Redação TN Petróleo/Assessoria
05/07/2022 11:30
Reindustrialização e o mercado de carbono, por Jacyr Costa Filho Imagem: Divulgação Visualizações: 1529

Um passo importante para a construção de um mercado regulado de créditos de carbono no Brasil foi anunciado em 19 de maio último, com o Decreto nº 11.075, aguardado desde 2009. Este decreto estabelece regras básicas para a elaboração dos Planos Setoriais de Mitigação das Mudanças Climáticas, além de criar o Sistema Nacional de Redução de Emissões de Gases de Efeito Estufa (Sinare).

A criação do mercado de créditos de carbono no Brasil alinha-se com os objetivos globais de combate às mudanças climáticas. Como lembrou em recente reunião sobre o tema o presidente da FIESP, Josué Gomes da Silva, cria-se uma oportunidade para a reindustrialização sustentável no País.
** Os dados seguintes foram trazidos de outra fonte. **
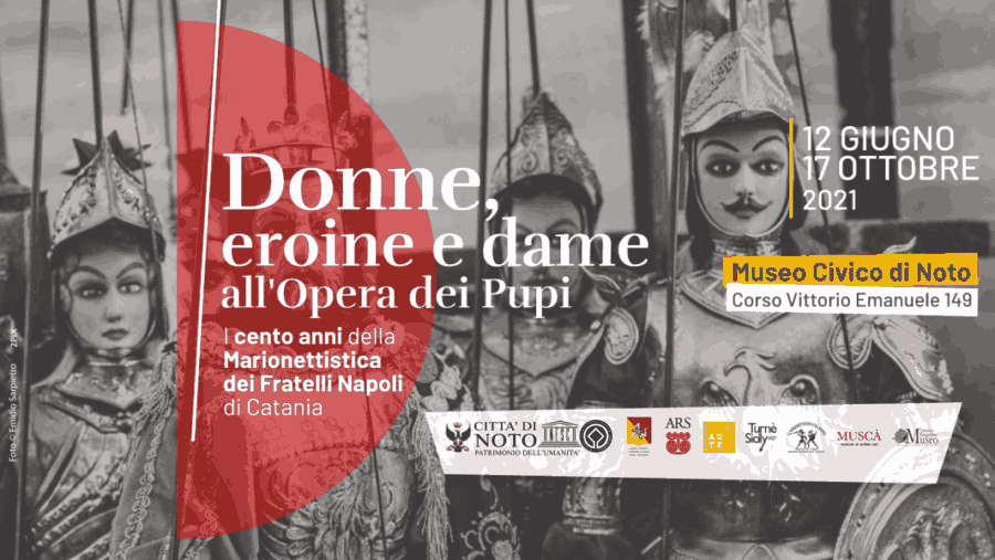 In occasione del centenario della nascita della Marionettistica dei Fratelli Napoli di Catania, fondata nel 1921 da don Gaetano Napoli, Sikarte inaugura, presso il Museo Civico di Noto, la mostra Donne, eroine e dame all’Opera dei Pupi. I cento anni della Marionettistica dei Fratelli Napoli di Catania, a cura di Alessandro Napoli.

Isso porque o agronegócio nacional é uma das maiores plataformas para inovações tecnológicas e energias renováveis, bases que sustentarão o comércio de títulos ambientais.
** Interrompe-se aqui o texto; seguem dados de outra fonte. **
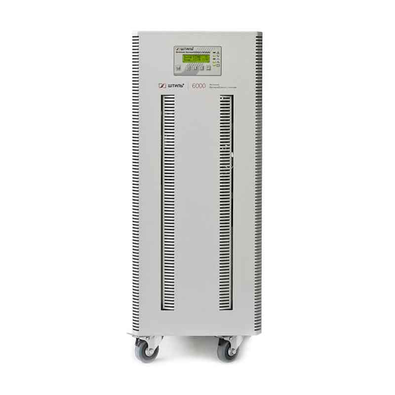 **ИБП Штиль ST1106SL (6 кВА / 5.4 кВт)**Отечественный однофазный ИБП ST1106SL в башенном исполнении выпускается номинальной мощностью 6кВА/5.4кВт. Коэффициент мощности (PF) составляет 0,9. Его можно установить на пол. Внутри источника бесперебойного питания установлено 16 свинцово-кислотных аккумуляторов ёмкостью 9 Ач каждый. ИБП работает по технологии On-line с двойным преобразованием и выдаёт на выходе чистый синус. Это позволяет подключать к нему оборудование, чувствительное к электрическим помехам. На передней панели ST1106SL расположен ЖК дисплей. Он показывает информацию о состоянии оборудования, ошибках и аварийных ситуациях. При подключении плат расширения интерфейса можно дистанционно управлять источником бесперебойного питания. Специальное ПО позволяет оперативно реагировать на нештатные ситуации, следить за состоянием каждого аккумулятора, регулировать нагрузку. К ST1106SL можно подключать дополнительные батарейные блоки Штиль BMT-192-09-SL, BMT-192-18-SL, BMT-192-27-SL и BMT-192-36-SL. Особенности ИБП Штиль ST1106SL: Мгновенное переключение на аккумуляторы Чистый синус на выходе Работа в широком диапазоне входного напряжения Высокий коэффициент мощности, Коэффициент нелинейных искажений тока менее 1% ИБП Штиль ST1106SL подходит для: Серверов и ЦОД Телекоммуникации Медицинского оборудования Производства Охранных и пожарных систем Технические характеристики Штиль ST1106SL: Общие Полная мощность, кВА 6 Активная мощность, кВт 5.4 Форм-фактор напольный Топология on-line (с двойным преобразованием) Режимы работы on-line, автономный, ECO Страна производитель Россия Вход Тип входной сети однофазная трехпроводная (L, N, PE) Совместимость с генератором да Номинальное входное напряжение, В 220 Рабочий диапазон входного напряжения, В 165-310 при нагрузке 100%, 135-310 при нагрузке 80%, 90-310 при нагрузке 60% Предельный диапазон входного напряжения, В 90-310 Допустимое отклонение верхней границы входного напряжения в режиме ECO и для электронного байпаса, % +5, +10, +15, +20, +25 (значение по умолчанию: +20) Допустимое отклонение нижней границы входного напряжения в режиме ECO и для электронного байпаса, % -5, -10, -15, -20, -25 (значение по умолчанию: -20) Номинальная входная частота, Гц 50 Допустимый диапазон входной частоты, Гц 43-57 Входной коэффициент мощности 0,99 Максимальный входной ток, А 38 Потребляемая мощность в режиме холостого хода, Вт - Плавный пуск да Выход Тип выходного напряжения однофазные Номинальное выходное напряжение, В 220 Диапазон настройки выходного напряжения, В 220-240 Точность стабилизации выходного напряжения, % ±2 Форма выходного напряжения чистая синусоида Выходной коэффициент мощности 0,9 Номинальная выходная частота, Гц при работе от сети – соответствует частоте сети при работе от АБ – устанавливается пользователем: 50/60 (по умолчанию – 50) Точность стабилизации выходной частоты (при работе от АБ), % ±0,1 Максимальный выходной ток, А 27 Коэффициент нелинейных искажений выходного напряжения, % <,2 при линейной нагрузке, <,4 при нелинейной нагрузке Крест-фактор 3:1 Перегрузочная способность (при работе в режиме on-line или от батарей) менее 105% – не ограничено, 105-150% – не менее 5 с, более 150% – не более 5 с (с последующим переключением на байпас) Перегрузочная способность (при работе через байпас или в режиме ECO) - КПД в режиме on-line, % 95 КПД при работе через байпас или в режиме ECO, % 99 КПД в автономном режиме, % 94 Время переключения в ав

Com mais de 280 milhões de hectares de florestas nativas protegidos e capacidade para disseminar, até 2030, tecnologias de baixa emissão de carbono em mais de 72 milhões de hectares já cultivados, o Brasil pode consolidar-se como potência agro ambiental no mercado de carbono. O preço pago por uma tonelada de carbono evitada na atmosfera saltou de US$ 3 em 2020 para US$ 10 em 2022. No mundo, estes créditos movimentaram cerca de US$ 1 bilhão em 2021.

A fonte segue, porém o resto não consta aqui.